Friday, July 30, 2010

Dry Lines and Long Leaders

This past week I visited some of my local stillwaters.  The weather was hot and muggy, trout are beginning to slow down and go deep.  Our lakes are hovering at a surface temperature of 70F.  Right on the boundary for safe survival for stillwater trout.  As water temperature increases its ability to hold oxygen decreases.  Trout become lethargic and if hooked often become stressed and unable to recover.  It is time to consider rivers or targeting species such that are tolerant of higher water temperatures.  Until the water temperatures drop I will be choosing one of the two considerations I mentioned.

On one of the stillwaters I visited I expected trout to be deep and would need coaxing to the fly.  I believed they would chase an active fly, depth and retrieve speed would be my keys to success.  I focused on the windward shore as the lee shore would have the warmer water pushed into it by the stiff breeze that was blowing that day.  A degree or two can make all the difference.

Pond Rainbow
(Courtesy of Nick Sliwkanich)

I opted for perhaps my favorite presentation method, a floating line and long leader to work up the gradual slope I was fishing.  I anchored in 15 feet of water and cast into 20 plus feet of water.  My sounder was invaluable in telling me not only the depth I was anchored but the depth my flies would be working through and the bottom slope.  In these situations I would be blind without the information my sounder provides.

Using my 4 weight 10 foot Helios and Rio Indicator line I began with roughly 2-feet of .020” butt material Nail Knotted directly to my fly line.  From there I added a 2X 12-foot tapered leader via a Blood knot.  I added approximately 3-feet of 2x tippet via Triple Surgeons knot.  Using an improved clinch knot I attached a #12 black barrel swivel.  .  To the bottom end of the barrel swivel I added another 4-5 feet of 2X Flouroflex Plus tippet.  Barrel swivels add an inline weight, help reduce leader twist and when using fluorocarbon tippets as I often do eliminate any knot concerns with nylon leader material as the two never meet.  My total leader length from fly line to bottom fly was approximately 21 feet.  I placed a balanced Sparkle Leech on the point and a #12 black and Red Ice Cream Cone on a 10-inch Looped Tippet or Sliding dropper just above the barrel swivel.

Floating lines, long leaders are a personal favorite!
(Photo Courtesy of Brian Wiebe)

The thicker butt section and butt section of the tapered leader helps in part turn long leaders over.  Your casting stroke needs a degree of modification.  Break your wrist slightly to open the casting loop.  Tight loops are a recipe for nasty tangles.  Allow the fly line to completely roll out on the back cast and maintain a smooth powerful casting stroke.  Only cast what you comfortably can, avoid the urge to cast across the planet!  If possible allow the line to shoot to the reel or pinch the line tight to slingshot the flies and leader over.  As the flies land look for three distinct separate splashes of the flies and swivel.  If the splash down is concentrated strip the line in and see if there is a tangle.  Deal with tangles early and they can often be addressed repeated casting leads to frustration and exponential leader and tippet consumption.
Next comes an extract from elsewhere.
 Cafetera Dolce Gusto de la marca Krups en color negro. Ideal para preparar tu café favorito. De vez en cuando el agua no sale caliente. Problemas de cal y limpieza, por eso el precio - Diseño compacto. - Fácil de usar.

Once the flies had landed I counted my flies down using my watch, 30 seconds is a standard starting point.  I then began a painstakingly slow retrieve.  I want to ‘drag’ the fly line across the surface without causing a disturbance.  When you think you are slow enough cut the pace in half again and you should be in the game.  Make sure there is no slack in the fly line.  If you go too fast your flies no longer track horizontally but rather track toward the surface out of the depth zone the fish are holding.

Presentation depth and retrieve speed are critical to stillwater success
(Photo Courtesy of Brian Wiebe)

Watch the line for signs of a take.  Takes with this method are often seen before they are felt.  Most of my takes felt like a dragging sensation as though the leader was being pulled through a phone book.  A smooth rod raise drives the hook home.  Fish are typically hooked in the upper lip, top dead center.  All my takes in deeper water were to the balanced leech.  As the flies worked up the slope at the end of the cast the chironomid became the fly of choice.  I pumped one fish and it had about 15 chironomid and Chaoborus pupa along with one lone caddis adult.  A sure sign fish were feeding predominately at depth.

A throat sample confirms the presentation method

This method once mastered is deadly and extremely versatile.  I managed well over 10 fish in roughly four hours of fishing.  I use it for chironomid pupa and larva, caddis pupa, mayfly nymphs, damsel nymphs, and leeches.  Give it floating lines and long leaders a try it is a deadly versatile method.  And quite addictive too!